Try it: The reply should contain only the lines from the start of the records through the line with "Pulseiras | JOIA", reproduced verbatim and without pictures.

══════════════════════════════

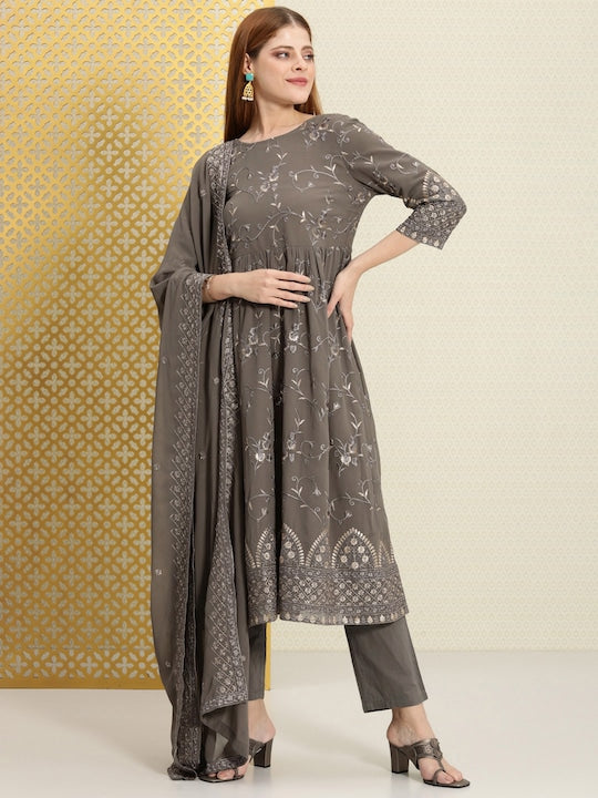 House of Pataudi Women Embroidered Jashn Kurta with Trousers & Dupatta Set
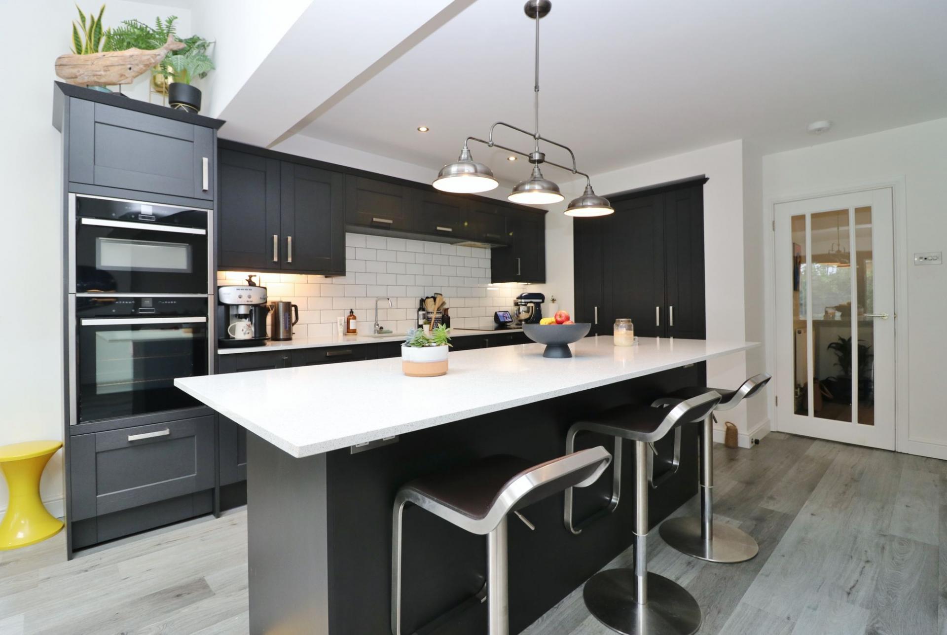 The kitchen has been fitted with a contemporary range of wall and base units with Quartz worktops and an island incorporating a breakfast bar. There are a range of integrated appliances including a double oven, induction hob with extractor over, fridge/freezer and dishwasher.
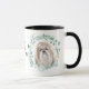 "AMA meu SHIH-TZU" declara esta caneca para o dono de um Cão Shih-Tzu. Cada lado da caneca tem um belo retrato aquoso de Shih-Tzu emoldurado dentro de uma coroa azul verde. Entre as duas imagens está o texto, que pode ser facilmente personalizado, ou mesmo removido, por você.
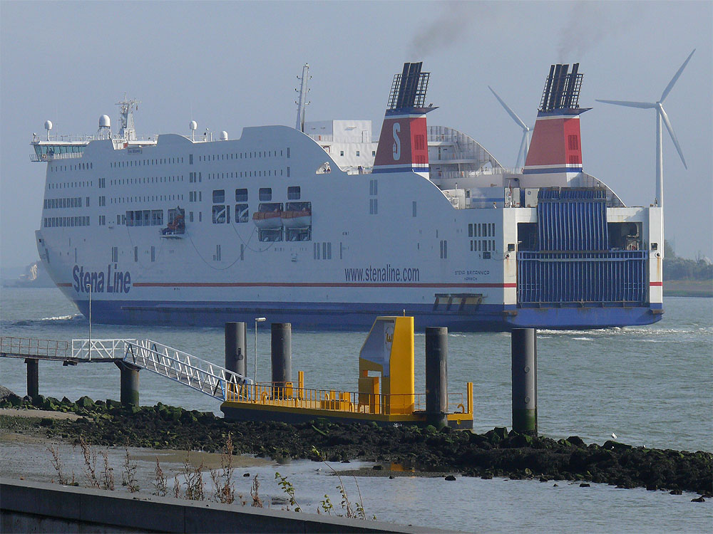 Dort sehen wir die eindrucksvolle Fähre der StenaLine, aus England kommend.
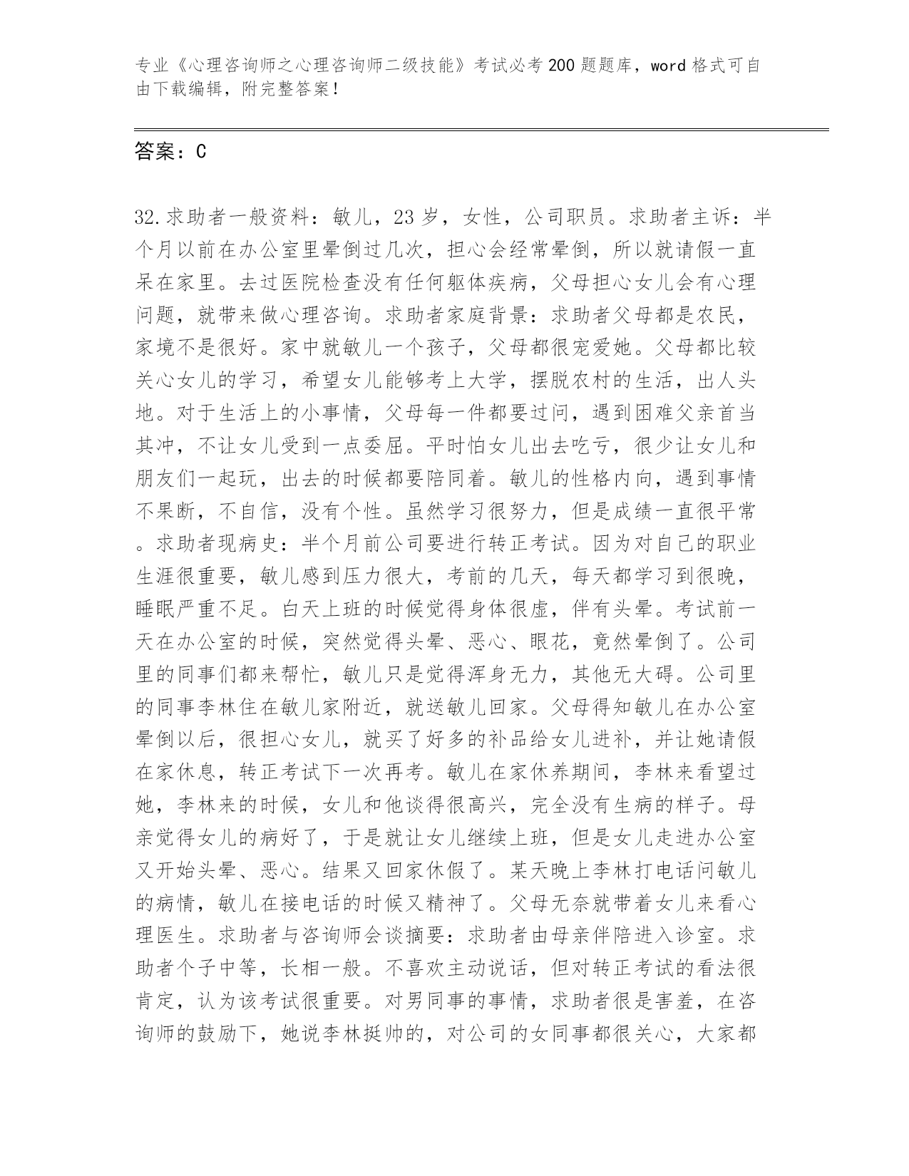 贵州省《心理咨询师之心理咨询师二级技能》考试必考200题完整答案
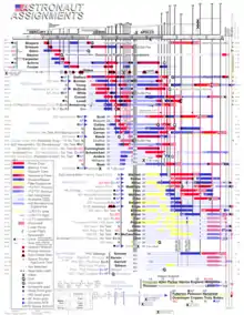 A chart showing U.S. astronaut assignments during the 1970s as graduated from the Mercury and Gemini programs.
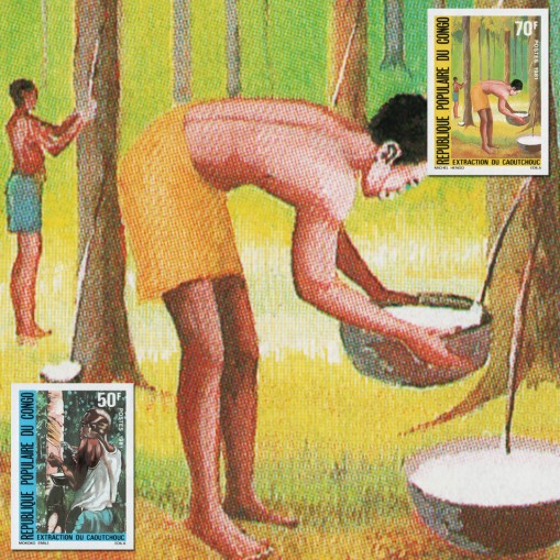 Na znaczkach przedstawiono proces pozyskiwania kauczuku z drzew kauczukowca - nacinanie roślin i zbieranie wypływającego soku.
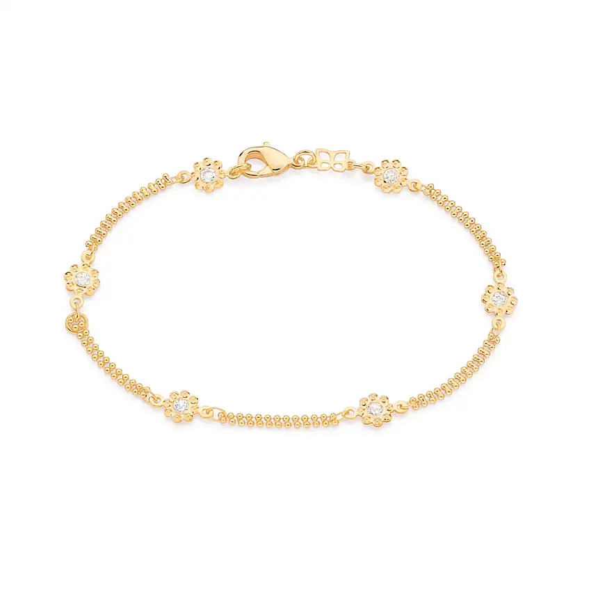Pulseiras | JOIA BANHADA OURO 18K | PULSEIRA FLORES BANHADO A OURO 18K COM ZIRCÔNIAS – Rommanel
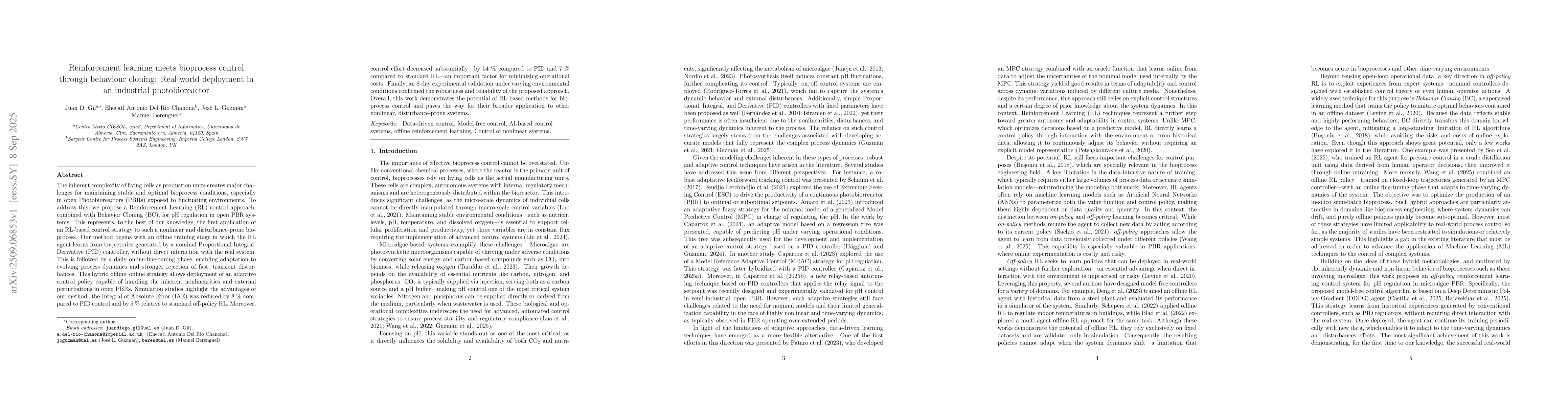 The inherent complexity of living cells as production units creates major challenges for maintaining stable and optimal bioprocess conditions, especially in open Photobioreactors (PBRs) exposed to fluctuating environments. To address this, we propose a Reinforcement Learning (RL) control approach, combined with Behavior Cloning (BC), for pH regulation in open PBR systems. This represents, to the best of our knowledge, the first application of an RL-based control strategy to such a nonlinear and disturbance-prone bioprocess. Our method begins with an offline training stage in which the RL agent learns from trajectories generated by a nominal Proportional-Integral-Derivative (PID) controller, without direct interaction with the real system. This is followed by a daily online fine-tuning phase, enabling adaptation to evolving process dynamics and stronger rejection of fast, transient disturbances. This hybrid offline-online strategy allows deployment of an adaptive control policy capable of handling the inherent nonlinearities and external perturbations in open PBRs. Simulation studies highlight the advantages of our method: the Integral of Absolute Error (IAE) was reduced by 8% compared to PID control and by 5% relative to standard off-policy RL. Moreover, control effort decreased substantially-by 54% compared to PID and 7% compared to standard RL-an important factor for minimizing operational costs. Finally, an 8-day experimental validation under varying environmental conditions confirmed the robustness and reliability of the proposed approach. Overall, this work demonstrates the potential of RL-based methods for bioprocess control and paves the way for their broader application to other nonlinear, disturbance-prone systems.
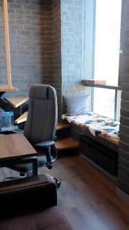 Большие окна, шторы блэкаут, деревянные жалюзи. 4 спальных места, производитель BOSS.XO Ортопедическая кровать 2,2*2,4; Удобный, комфортный, 2х местный -раскладывающийся диван, односпальное кресло. На втором этаже пентхауса просторная спальная зона, с ортопедическим матрасом New Merino- Askona. Техника Haier, Bork.
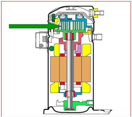 渦旋壓縮機是一種容積式壓縮的壓縮機,壓縮部件由動渦旋盤和靜渦旋組成。包括使通過壓縮機殼體的氣體的分路流動方式以減少夾帶的油的許多結構特征。
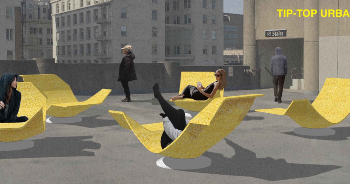 The modular urban furniture collection is open to a variety of interpretations by its users, stimulating them to come up with new ideas for its use. The location of the project is a rooftop of a parking structure in downtown Portland, Oregon. The objects are made of recycled ocean plastic.
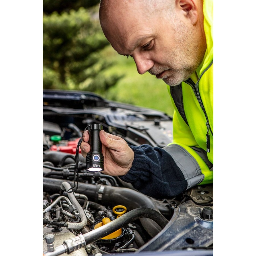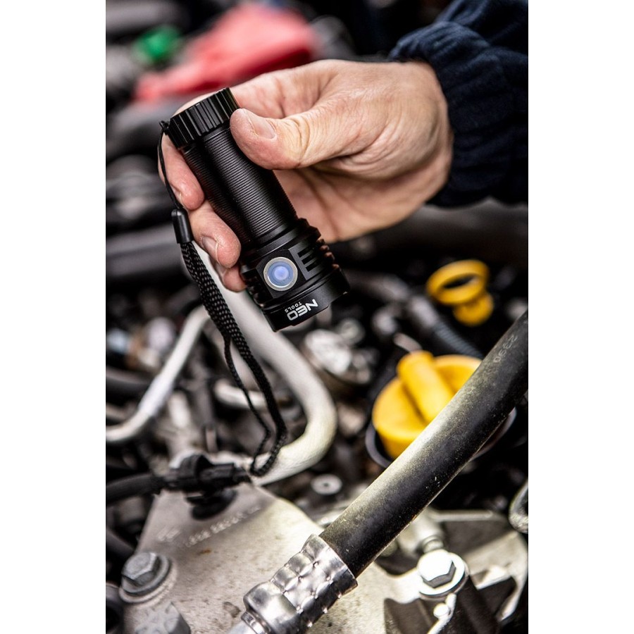 Ліхтар NEO відрізняється міцною конструкцією, корпус виконаний із алюмінію. Він оснащений світлодіодом LED OSRAM P9 LED зі світловим потоком 3300 люмен та потужністю 30Вт. Ліхтар має 5 функцій освітлення: ліхтар 100% / ліхтар 40% / ліхтар 10% / ліхтар 3% / стробоскоп. Продукт має широкий спектр застосування, наприклад, вдома, в машині, у підвалі, кемпінгу. Відповідність європейським стандартам безпеки підтверджується сертифікатом CE.
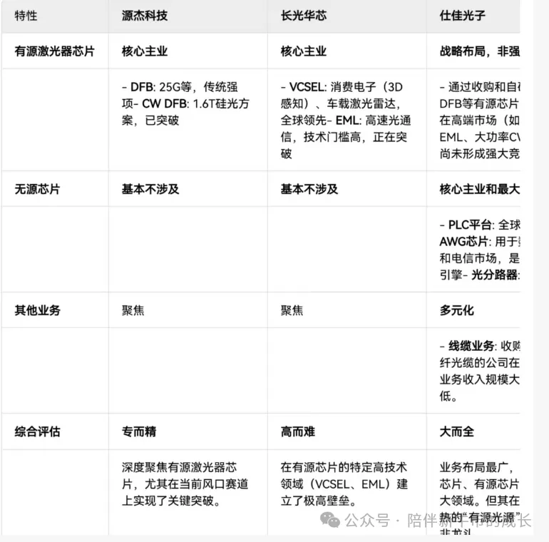 深入对比源杰科技、长光华芯和仕佳光子这三家在光芯片领域各有建树的公司。下面我结合它们最新的动态,用一个表格为您快速梳理核心信息,并补充一些关键的背景逻辑。
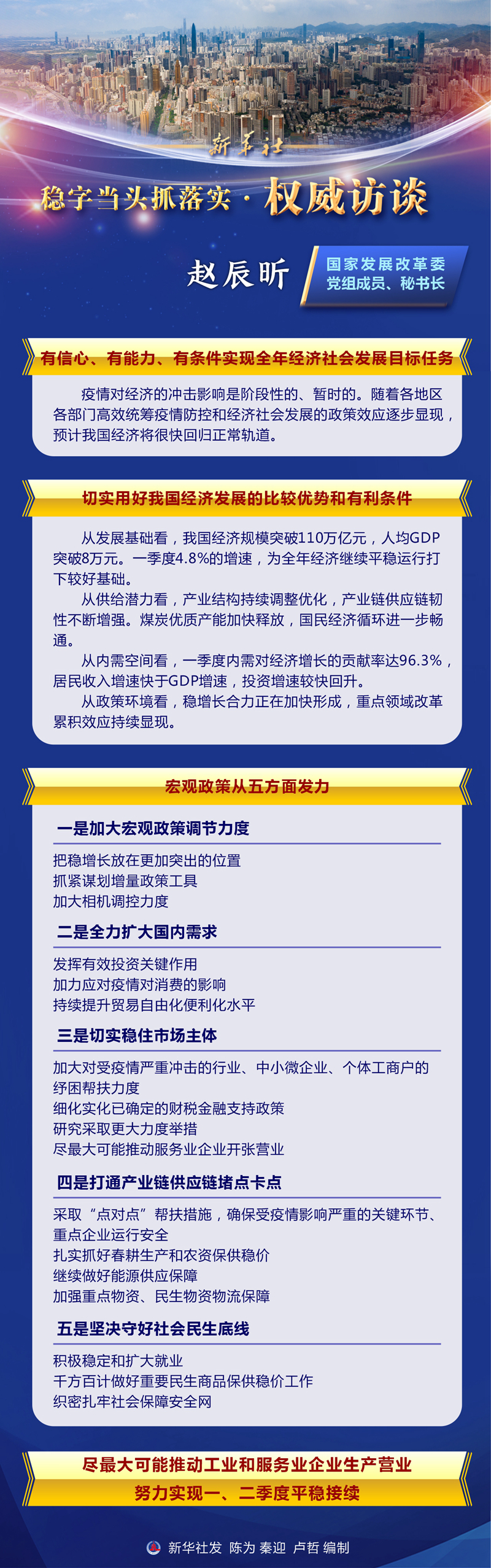 全年经济社会发展目标任务能否实现?将采取哪些政策举措稳住经济、稳住市场主体?新华社记者采访了国家发展改革委党组成员、秘书长赵辰昕。

══════════════════════════════

Answer:
 House of Pataudi Women Embroidered Jashn Kurta with Trousers & Dupatta Set
 The kitchen has been fitted with a contemporary range of wall and base units with Quartz worktops and an island incorporating a breakfast bar. There are a range of integrated appliances including a double oven, induction hob with extractor over, fridge/freezer and dishwasher.
 "AMA meu SHIH-TZU" declara esta caneca para o dono de um Cão Shih-Tzu. Cada lado da caneca tem um belo retrato aquoso de Shih-Tzu emoldurado dentro de uma coroa azul verde. Entre as duas imagens está o texto, que pode ser facilmente personalizado, ou mesmo removido, por você.
 Dort sehen wir die eindrucksvolle Fähre der StenaLine, aus England kommend.
 贵州省《心理咨询师之心理咨询师二级技能》考试必考200题完整答案
 A chart showing U.S. astronaut assignments during the 1970s as graduated from the Mercury and Gemini programs.
 Na znaczkach przedstawiono proces pozyskiwania kauczuku z drzew kauczukowca - nacinanie roślin i zbieranie wypływającego soku.
Pulseiras | JOIA BANHADA OURO 18K | PULSEIRA FLORES BANHADO A OURO 18K COM ZIRCÔNIAS – Rommanel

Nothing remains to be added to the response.